Internal Displacement: Global Overview of Trends and Developments in 2009 - Armenia
|Publisher||Norwegian Refugee Council/Internal Displacement Monitoring Centre (NRC/IDMC)|
|Publication Date||17 May 2010|
|Cite as||Norwegian Refugee Council/Internal Displacement Monitoring Centre (NRC/IDMC), Internal Displacement: Global Overview of Trends and Developments in 2009 - Armenia, 17 May 2010, available at: http://www.refworld.org/docid/4bf252570.html [accessed 3 July 2015]|
|Disclaimer||This is not a UNHCR publication. UNHCR is not responsible for, nor does it necessarily endorse, its content. Any views expressed are solely those of the author or publisher and do not necessarily reflect those of UNHCR, the United Nations or its Member States.|
|Number of IDPs||8,400|
|Percentage of total population||0.3%|
|Start of current displacement situation||1988|
|Peak number of IDPs (Year)||65,000 (1992)|
|Causes of displacement||International armed conflict, internal armed conflict, generalised violence, human rights violations|
|Human development index||84|
A 2004 survey found over 8,000 people still internally displaced in Armenia, almost two decades after violence and conflict with Azerbaijan had forced them to flee in the early 1990s. The conflict displaced about 65,000 people within the country, but they received hardly any government attention compared to other larger displaced groups, including refugees from Azerbaijan and people displaced by a 1988 earthquake and other disasters. International organisations have also largely neglected their plight. The low public profile and lack of registration and monitoring of these IDPs have made it difficult to estimate how many have achieved durable solutions.
There are no precise figures on the number of IDPs who have returned to their homes. Returnees mainly rebuilt houses on their own, and the quality of education and health care remains poor. Some returnees are not fully safe as landmines have not been cleared and skirmishes between Armenia and Azerbaijan continue. This continued insecurity has hindered their farming livelihoods.
Nor is up-to-date information available on IDPs who have integrated in the place of displacement or settled elsewhere in the country.
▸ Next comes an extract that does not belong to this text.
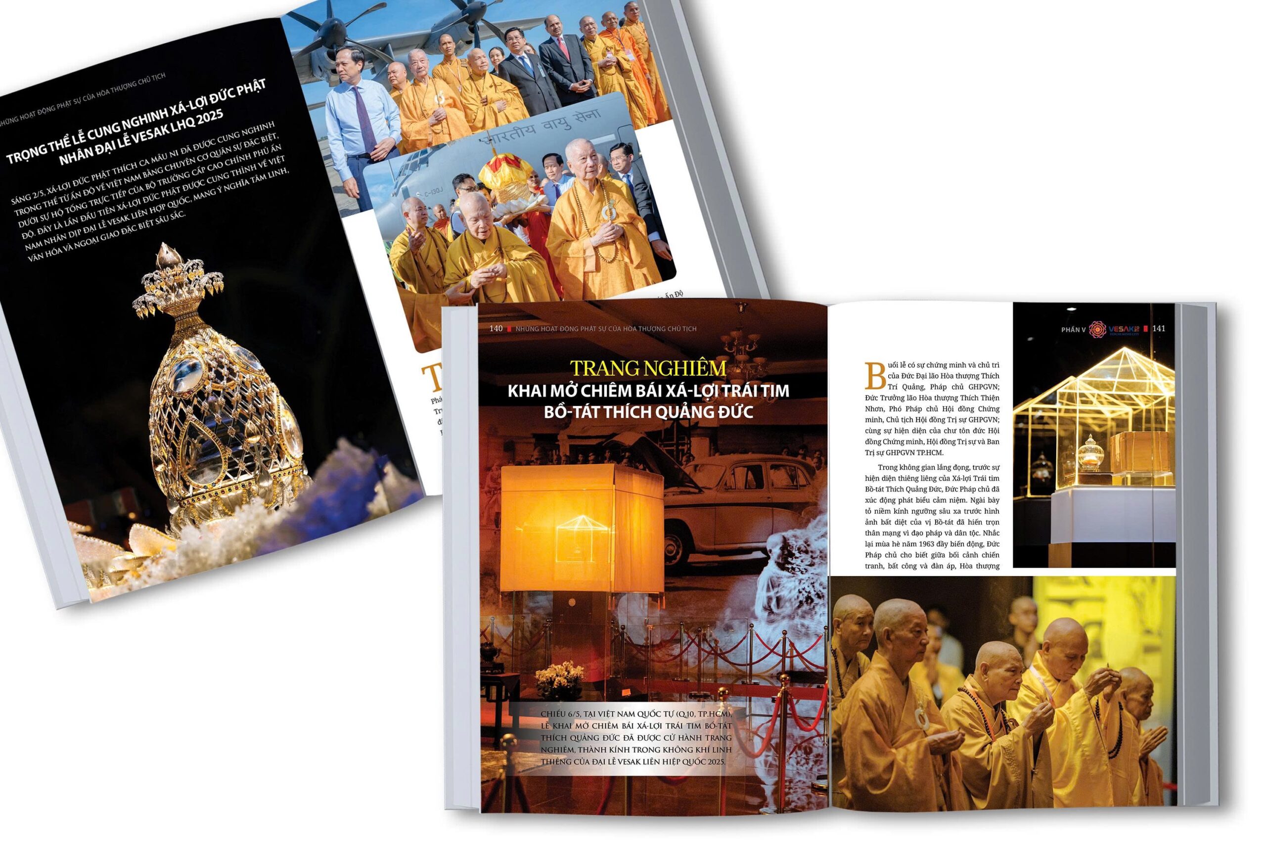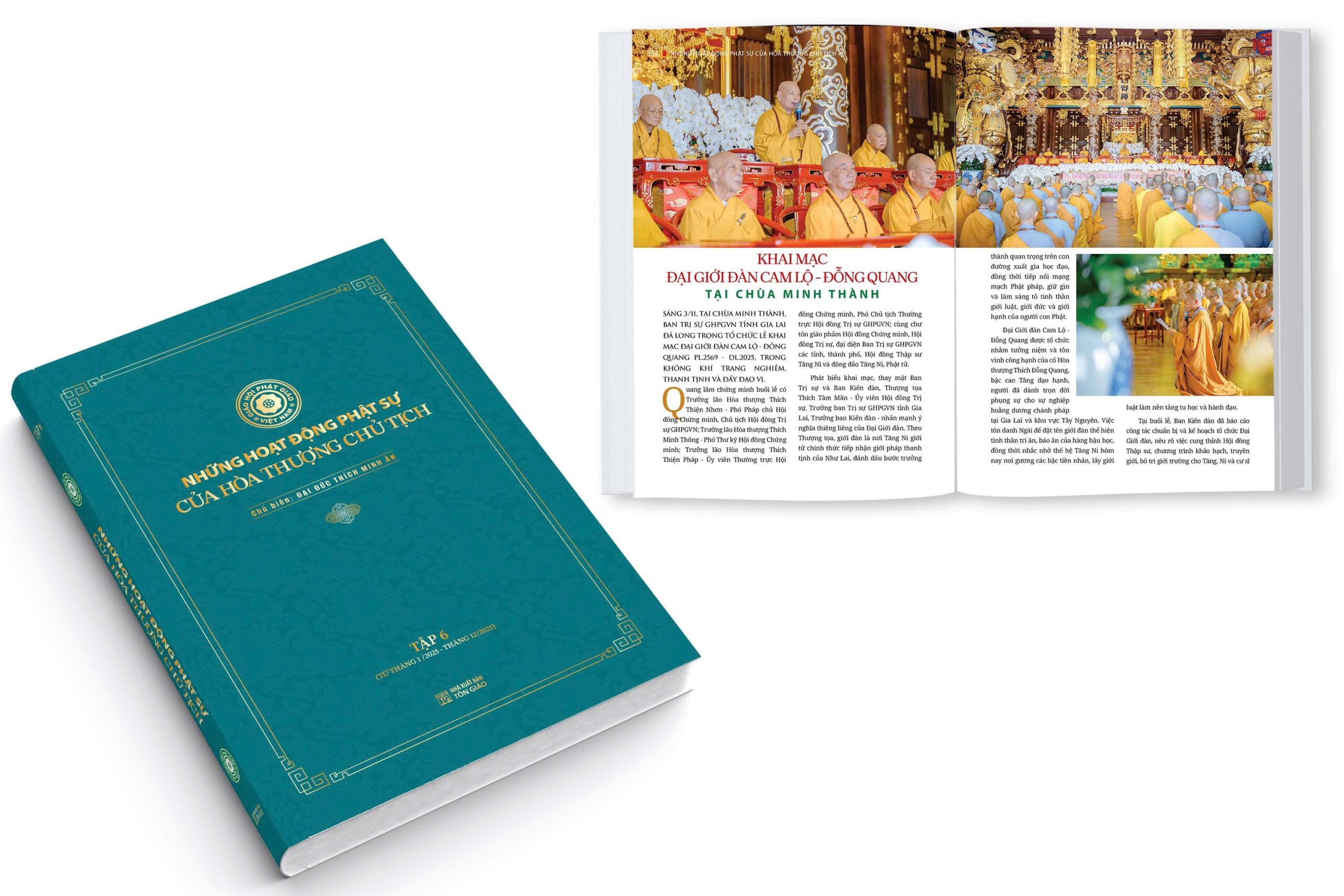 Tập sách “Những hoạt động Phật sự của Hòa thượng Chủ tịch 2025 – Tập 6” ghi lại những Phật sự tiêu biểu của Giáo hội trong năm 2025, nổi bật là Đại lễ Vesak Liên Hiệp Quốc 2025; lễ cung nghinh Xá-lợi Đức Phật; an vị Trái tim Bồ-tát Thích Quảng Đức; các Đại Giới đàn tại ba miền đất nước và các kỳ hội nghị, nghị sự quan trọng của Trung ương Giáo hội. Xen kẽ là những hình ảnh bình dị, thâm trầm của Trưởng lão Hòa thượng trong các pháp hội, khóa lễ và pháp thoại sách tấn đại chúng.
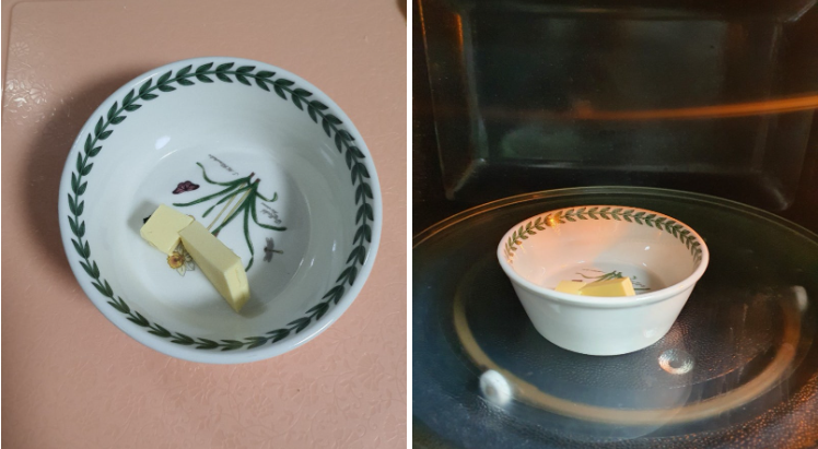- 버터 녹이기 : 버터를 전자레인지에 녹여서 충분히 식혀줍니다.

There have been no major barriers to the integration of IDPs in areas outside their place of origin, but nor has the government put in place any support to facilitate it.
The government has proposed several programmes for IDPs and others in the border areas but has not allocated funds to them. In 2009, it was seeking foreign funds for its latest programme, which it had adopted in 2008.
IDPs and returnees will not achieve durable solutions until their specific needs are addressed. There is a need to support IDPs who have chosen to integrate in their place of displacement, to support non-agricultural livelihoods for returnees and adopt a national housing strategy giving special consideration to IDPs whose housing was damaged or destroyed.